PROBLEM STATEMENT = Everything from the line containing "Centraal in onze" through the line containing "ฐานขนาด 5 นิ้ว" in the listing below should be copied exactly, and nothing more.

INPUT MATERIAL =
◆ ◆ ◆ ◆
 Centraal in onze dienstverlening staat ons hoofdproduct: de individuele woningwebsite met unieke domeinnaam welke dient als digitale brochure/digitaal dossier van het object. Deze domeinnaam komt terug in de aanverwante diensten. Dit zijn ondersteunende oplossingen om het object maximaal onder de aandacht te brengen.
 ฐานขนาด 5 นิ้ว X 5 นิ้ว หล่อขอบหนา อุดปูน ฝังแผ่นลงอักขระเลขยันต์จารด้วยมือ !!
◆ ◆ ◆ ◆
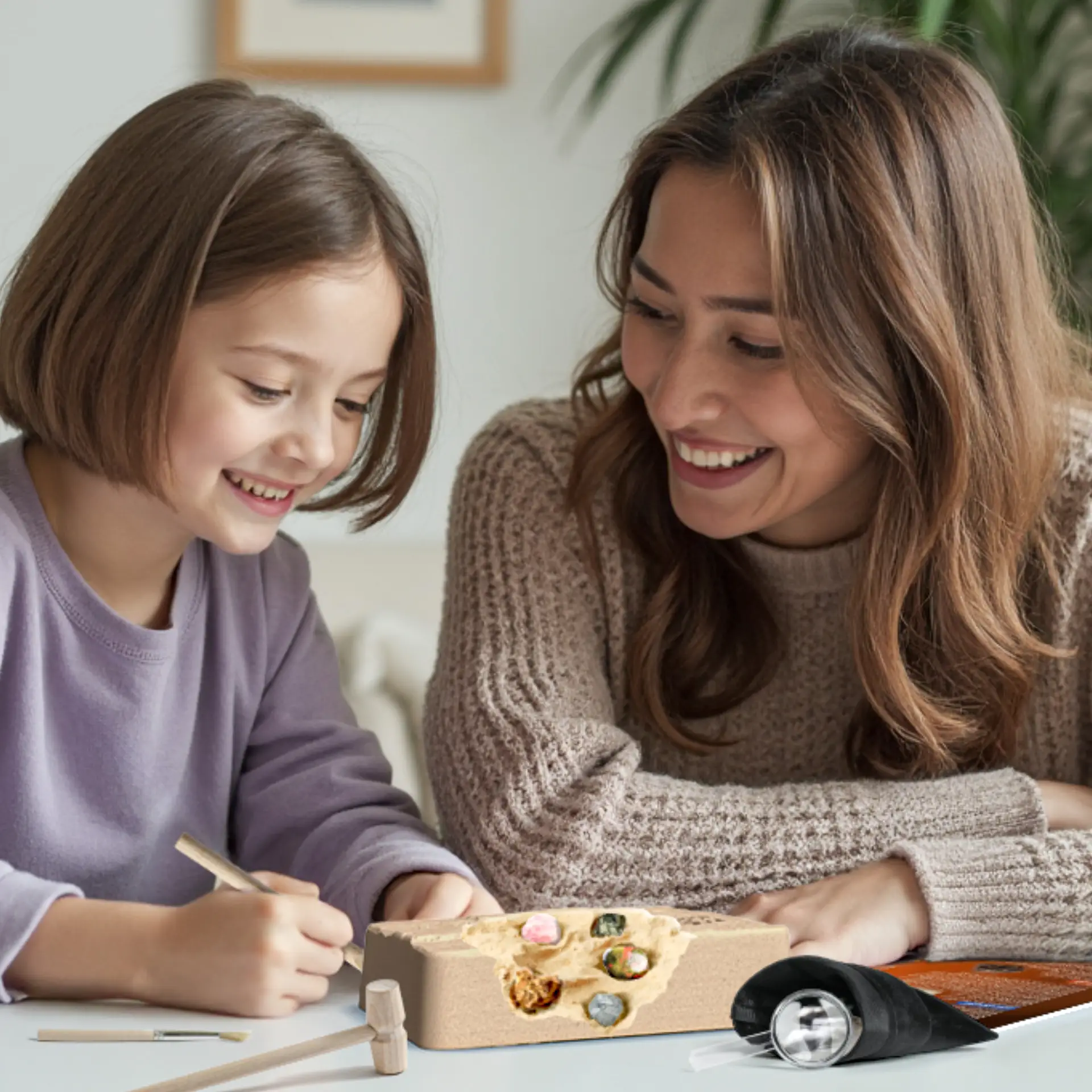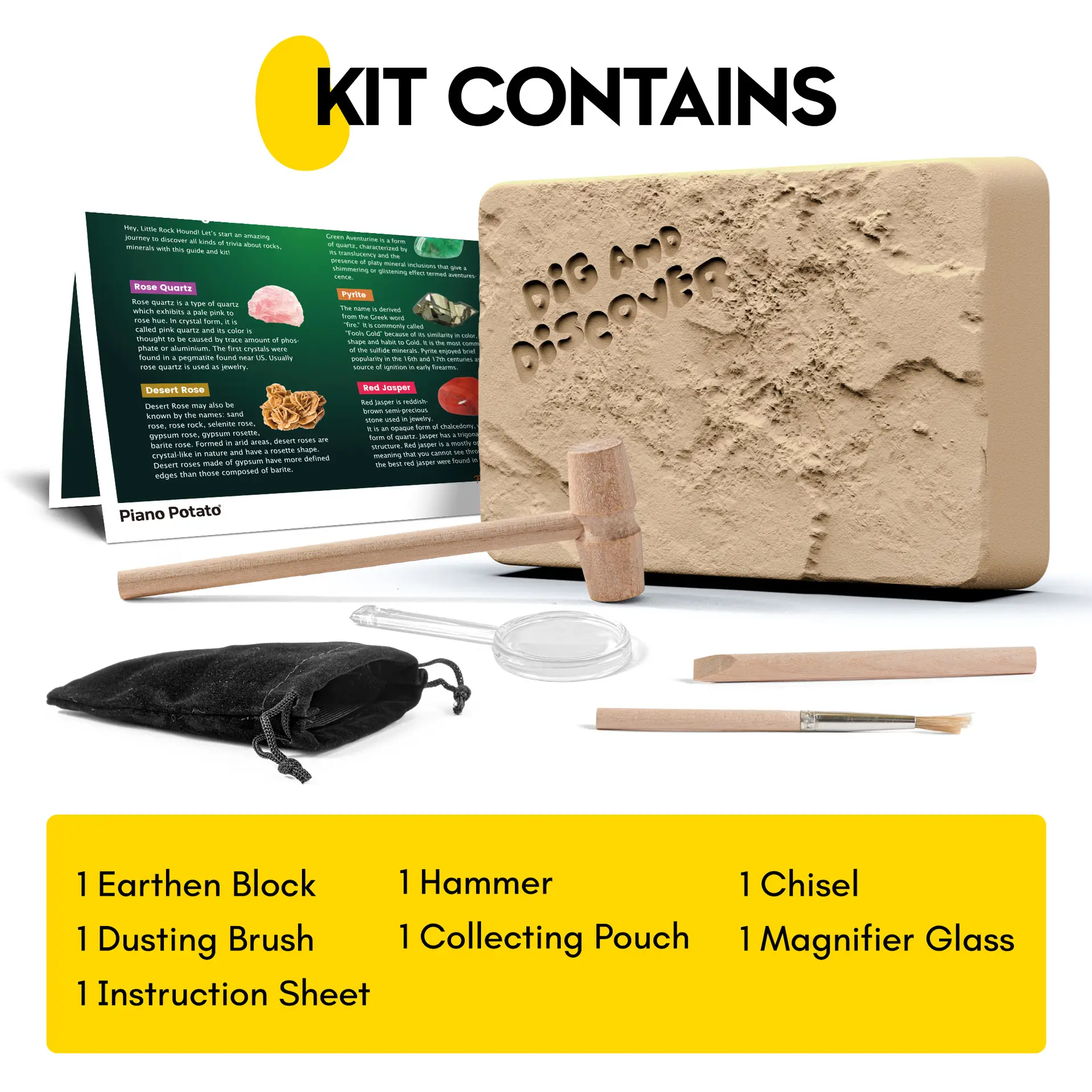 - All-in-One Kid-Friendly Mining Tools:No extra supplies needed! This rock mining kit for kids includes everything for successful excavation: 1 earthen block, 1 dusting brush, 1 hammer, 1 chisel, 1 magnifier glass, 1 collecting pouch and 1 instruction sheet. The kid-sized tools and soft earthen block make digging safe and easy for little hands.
◆ ◆ ◆ ◆
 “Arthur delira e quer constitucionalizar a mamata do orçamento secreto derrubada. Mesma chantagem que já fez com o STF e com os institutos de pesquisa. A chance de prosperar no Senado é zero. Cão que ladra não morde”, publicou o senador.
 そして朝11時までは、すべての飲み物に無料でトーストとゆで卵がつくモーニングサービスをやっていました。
◆ ◆ ◆ ◆
SOLUTION TO THE PROBLEM =
 Centraal in onze dienstverlening staat ons hoofdproduct: de individuele woningwebsite met unieke domeinnaam welke dient als digitale brochure/digitaal dossier van het object. Deze domeinnaam komt terug in de aanverwante diensten. Dit zijn ondersteunende oplossingen om het object maximaal onder de aandacht te brengen.
 ฐานขนาด 5 นิ้ว X 5 นิ้ว หล่อขอบหนา อุดปูน ฝังแผ่นลงอักขระเลขยันต์จารด้วยมือ !!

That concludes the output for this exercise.